I must immediately point out that Craig would never use the word 'soccer' as loosely as I am doing so for it is the wrong word. AFL for him is not 'football' at all, despite the fact, easily verifiable, that everyone calls it that. I've written about this absurdity elsewhere (ok, twice) so I won't go on about that. Suffice to say that I couldn't care less what you call the game and that 'soccer' seems a useful term in a media environment with multiple football codes.
Anyway the first four or five chapters were hilarious for their relentless polemical passion, replete with exageration, hyperbole, the rampant overuse of superlatives, blind contradiction and a happy smattering of fascinating football anecdotes that you would be better off picking up from Simon Kuper's excellent books. The chapters are really short essays of five or six pages each, which made it an excellent bedside book, but honestly, I nearly put it down and reviewed it as crap without continuing.

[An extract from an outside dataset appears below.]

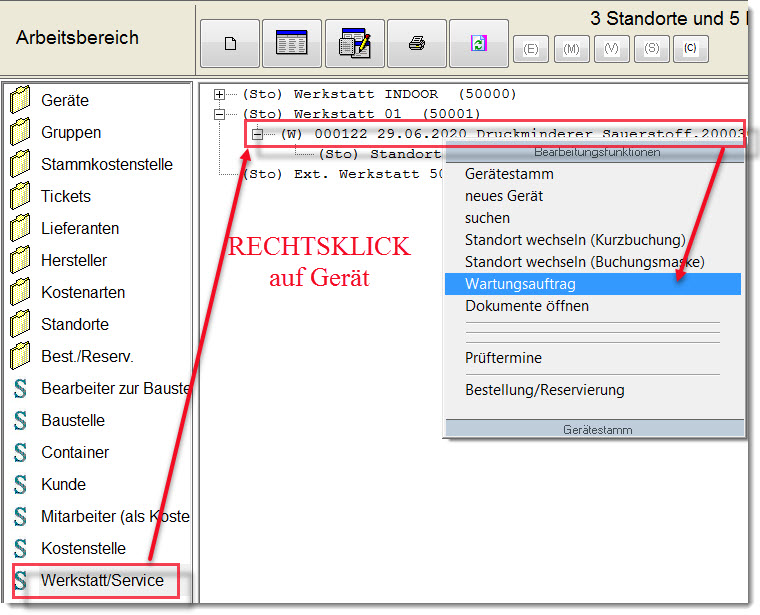 Der Aufruf der Wartungsfunktionen erfolgt über Menü GERÄTE – WARTUNG, über Rechtsklick auf Gerät im Regiezentrum oder über die Scannereingabe „Wartung Beginn“.

I'm very glad I didn't do that.
To get the unique gift that Craig Foster has to offer you have to see past Timothy Leary and Billy Graham and get to Anthony Green. It's when Foster got to his detailed raves about what good football is that I started concentrating because I realised I was learning a lot very quickly. His essays on the system, on space, on speed, on the touch each show us things we can watch for, ways we can watch the game. It's no secret that the intricacies of the soccer game fascinate the eff out of me, and Fozzie describes each aspect with the deeply considered understanding that only an obsessive nutjob can truly attain.
Anyway the book is still by my bed and I'm only half way through it. I do need something for the plane you know?
All of these books seem to be available in regular bookshops, but I don't have them in my own bookshop, because it's second hand. There's not many soccer books in my bookshop unfortunately (Archives Fine Books, 40 Charlotte St, Brisbane), because I've hoarded them all.